Side Story 3



Kediaman Zhuangyuan yang kosong selama tiga tahun telah direnovasi dan kembali ramai dengan aktivitas.


Banyak bunga dan pohon baru telah ditambahkan, semua berkat usaha Nyonya Zeng. Rumah utama telah diperbarui dengan tirai jendela baru, tirai tempat tidur baru, dan selimut yang disulam oleh Nyonya Zeng sendiri, yang menggambarkan seratus anak. Sejak menikah dengan Wei Zhuo, dia telah tinggal di kediaman Komandan, jarang berkunjung ke sana. Dia telah membersihkan rumah utama untuk tempat tinggal baru Lu Chang dan Ming Shu.


“Gantunglah sedikit lebih tinggi, lebih ke kiri. Ya, di sana…” Zeng shi mengarahkan tirai merah yang digantung di aula utama. Seorang pelayan muda bergegas datang sambil membawa lilin merah, bertanya, “Nyonya, di mana kita harus menaruh ini?”


Saat dia berbalik untuk memberi instruksi kepada pelayannya, seorang pelayan mendekat untuk melaporkan bahwa lentera yang baru dibeli telah tiba…

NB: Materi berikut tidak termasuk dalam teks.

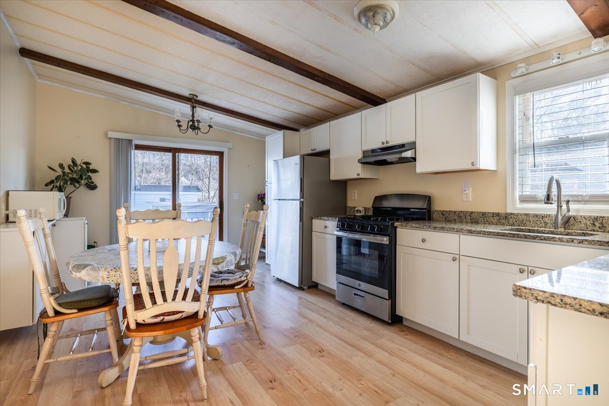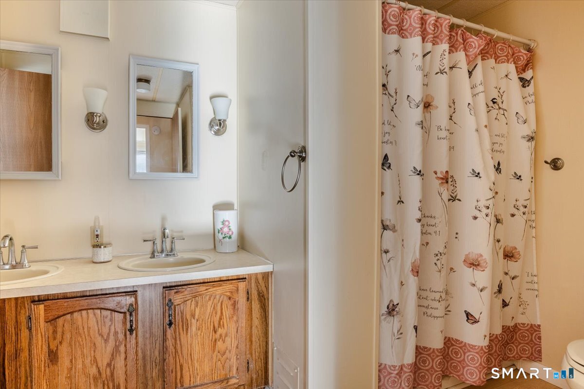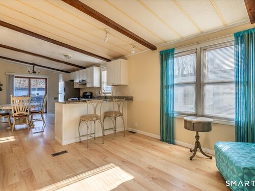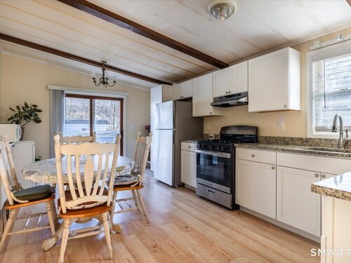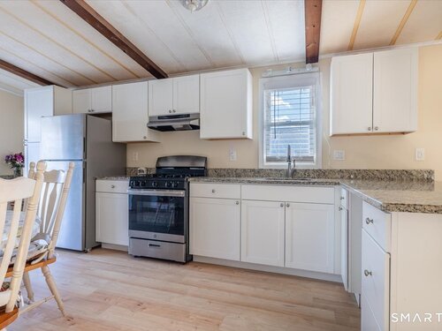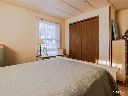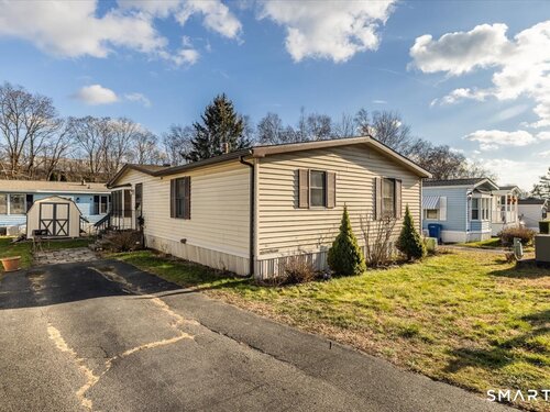 Well maintained 2 bedroom, 1.5 bath mobile home located in the desirable Woodland Park community in Shelton, CT. This home offers a functionality layout with generous living space, abundant natural light, and comfortable room sizes throughout. The main living area flows into the dining space and kitchen, providing an easy everyday living experience. The primary bedroom includes a full bath, while the second bedroom has a 1/2 bath and offers fexibility for guests, home office space, or additional living needs. The home provides storage, laundry area, and a practical floor plan ready for personal touches. Woodland Park offers a small dog park for residents. This is a land-lease community with park approval required for all adult occupants afer contract acceptance. Monthly lease apply and are set by park management. Must meet park requirements, including credit, income, and background review. Pets may be allowed with restrictions. Conveniently located close to shopping, dining, major routes, and all Shelton has to offer. A great opportunity for affordable homeownership in a well established community.

Dalam waktu istirahat minum teh yang singkat, para pelayan telah meminta bimbingannya dalam empat atau lima hal. Wei Zhuo, yang melihat wanita itu berlarian, merasa khawatir: "Kamu dapat mendelegasikan beberapa tugas. Kamu tidak perlu menangani semuanya sendiri."

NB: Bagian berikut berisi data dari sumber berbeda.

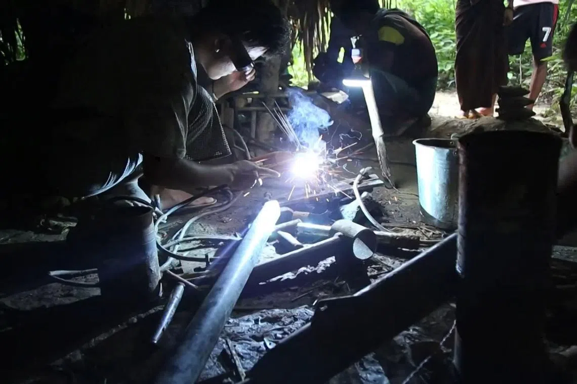 PALE, Myanmar - Under an awning in a bamboo thicket in northern Myanmar, an anti-coup fighter following instructions from YouTube welds scavenged steel into crude mortar rounds and shells to be fired at junta troops.

“Tidak, ini berbeda. Aku akan menyambut seorang menantu perempuan dan menikahkan seorang anak perempuan,” jawab Zeng shi, mempersilakan lelaki itu membantunya duduk untuk beristirahat sejenak, wajahnya berseri-seri karena gembira. novelterjemahan14.blogspot.com


Berbeda dengan ibu mertua lainnya, Ming Shu adalah menantu sekaligus anak baginya. Setelah semua upaya untuk mempertemukannya dengan Lu Chang, dia tentu saja sangat gembira sebagai seorang ibu.


Ini adalah peristiwa sekali seumur hidup; kelelahan apa pun sepadan hasilnya.


“Kamu tidak segembira ini bahkan di pesta pernikahan kita,” goda Wei Zhuo sambil meremas tangannya.


“Itu berbeda,” Zeng shi tersipu.


“Bagaimana bisa? Bukankah pernikahan hanyalah pernikahan? Favoritismemu menyakitiku,” Wei Zhuo, mengabaikan sikap tegasnya sebagai Komandan Pengawal Kekaisaran, dengan bercanda mengeluh di telinganya saat tidak ada seorang pun di sekitar.


Wajah Zeng shi semakin memerah saat dia mendorongnya pelan. “Bersikaplah sesuai usiamu! Bersikaplah serius.”


“Aku berbicara dari hati. Apa yang tidak serius tentang itu?” Wei Zhuo memegang tangannya dengan kuat.


“Oh, hentikan,” Zeng shi berdiri, tidak mampu melawannya, wajahnya memerah.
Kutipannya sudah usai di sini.